The full text of the article, written by Barbara Overholser, appears in InSight, a publication of the Penn Memory Center.  Full disclosure: I sometimes write articles for InSight and the Penn Memory Center. Though I didn’t write the one described here, I had the pleasure of interviewing Toni last summer for a different project. What impressed me most about her was the fact that she seemed to be drinking life’s full cup of happiness in a situation that might knock others into a state of depression. As I see it, this is the true benefit of developing your own, custom-made perspective on life. It’s very hard to ignore the ugly things we know about Alzheimer’s when dealing with the early stages of memory decline. But Tony shows us that it is possible to embrace the good in life even when we feel threatened by what could happen in the future. 

If you are scared about what you see happening to someone you love, read this article and see if Toni’s story offers something to help shift your perspective.
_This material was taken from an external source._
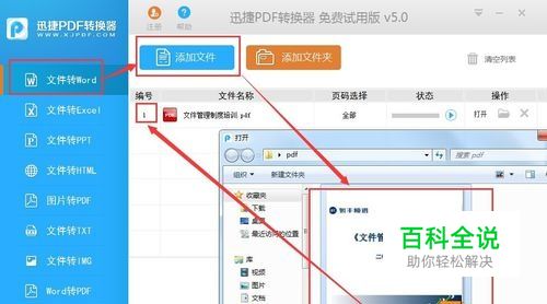 2.添加需要转换的PDF文件,二种方法供你操作,一种是直接把PDF文件拉到软件上面来,另一种就是选择软件上面的“添加文件”按钮,上传文件。用户可以随意选择。

In her conversations with me, she said she doesn’t know where she is “on the symptom spectrum” but she doesn’t worry. She used to be an “Olympic quality worrier” but she knows that medically she is in the best hands and she can’t let worry steal her happiness. In my opinion, Toni also provides an example of Olympic quality courage.
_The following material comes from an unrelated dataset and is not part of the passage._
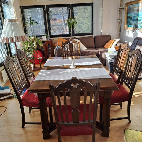 Pirttipöytä ja kuusi tuolia 1930-luvulta.

Dementia and the Struggle to Communicate

It used to happen occasionally, but now almost all of my mom’s speech comes out garbled. If I walk up behind her when she’s zoning out, it sounds like she’s speaking an alien language. My standard reply is: “Yes, of course.”

Smoke on the Water

Foggy morning, Henning Pond

“Of course” is one of Mom’s favorite expressions. It’s a phrase she likes to hear from me. But most times I have no idea what I’m affirming when I say it. I try hard to understand her crazy words from context, but when she gets that distant look in her eye, I don’t know what part of her galaxy she’s discussing. My sister thinks our mom is remembering old conversations. She’s heard our mother mention the names of her siblings when she’s in these trances. That may be true at times, but more often I find myself  scanning the room, trying to discover what’s prompting her talk.

Mom’s language sounds like the babble of children who speak before they know words. They point at things, their eyes light up. Their sincerity animates every little thing they struggle to say. And my mom is a very tiny lady who can be cute as a three-year old when she starts telling you one of her stories.

She makes me remember when I was a little kid. I think I became a “writer” when she gave me my first crayons and some blank construction paper. The letters of the alphabet were still a mystery to me, but I had my own set of scribbles that I used to create “words.” My stories were mainly about Blackie, the puppy we had when I was still too young for school. She listened while I “read” her the symbols she couldn’t decipher, completely unaware that she was launching a career.

Mom’s stories today, however, are not about puppies and I’m afraid that I could misinterpret her. What if she’s trying to tell me about a problem or a pain? She’s still got dental issues that we don’t know how to treat — and her sluggish digestive tract is a chronic preoccupation. There might be other matters, too, that we haven’t noticed and she can’t explain to us.

The master reference book for caregivers, The 36-Hour Day, recommends that caregivers ask specific questions to try to narrow communications down to their simplest form. Authors Nancy Mace and Peter Rabins suggest pointing at body parts and asking, “Does this hurt?” or “Do you hurt?” instead of using a more general question. They also observe that people with dementia communicate better when they are relaxed. So it’s important to appear calm (even if you’re not) and make it easier for them to express important thoughts.

When in doubt, I use the hug method if I feel I haven’t gotten the true gist of her words. The slow, simple hug is 100% effective at settling her down. Once she is calm, I can tell more accurately if there is something weird provoking her. Hugs are basic human medicine that can be administered anytime, at no cost. They help many dementia patients relax enough to communicate. Imagine where we’d be if drugs ever achieve that kind of success rate.